NOVA IORQUE – Edwin Chota foi morto na floresta pela qual ele lutou para proteger. O activista ambiental peruano pediu ajuda ao seu governo depois de receber ameaças de morte de lenhadores ilegais que atormentavam a região em torno de sua aldeia, nas profundezas da floresta amazónica. E ainda assim, em Setembro, ele e três outros membros proeminentes da comunidade peruana Ashéninka caíram numa emboscada e foram assassinados num trilho, no interior da selva, enquanto viajavam para se encontrarem com colegas activistas do vizinho Brasil. A viúva de Chota viajou durante seis dias no rio para a capital regional, para comunicar as suas mortes.
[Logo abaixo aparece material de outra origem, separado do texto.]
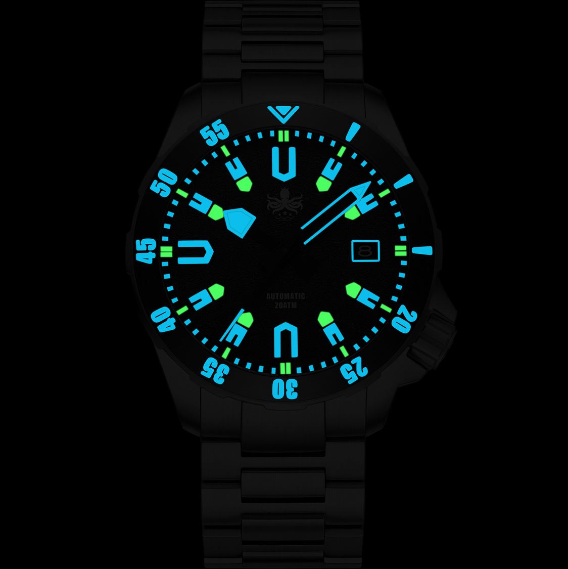 | Leuchtmasse: | Lünette, Stundenindexe, Superluminova, Uhrenzeiger |

A morte de Chota é uma chamada de atenção para o preço que os activistas locais, em algumas das áreas mais remotas do mundo, estão a pagar à medida que lutam para defenderem as suas comunidades da exploração e da industrialização. A procura mundial por recursos naturais está a crescer e os povos indígenas estão a receber pouca protecção contra aqueles que destroem as suas terras, florestas e rios. Em vez disso, eles estão a ser assassinados com impunidade a um ritmo alarmante, às vezes com a cumplicidade das autoridades governamentais.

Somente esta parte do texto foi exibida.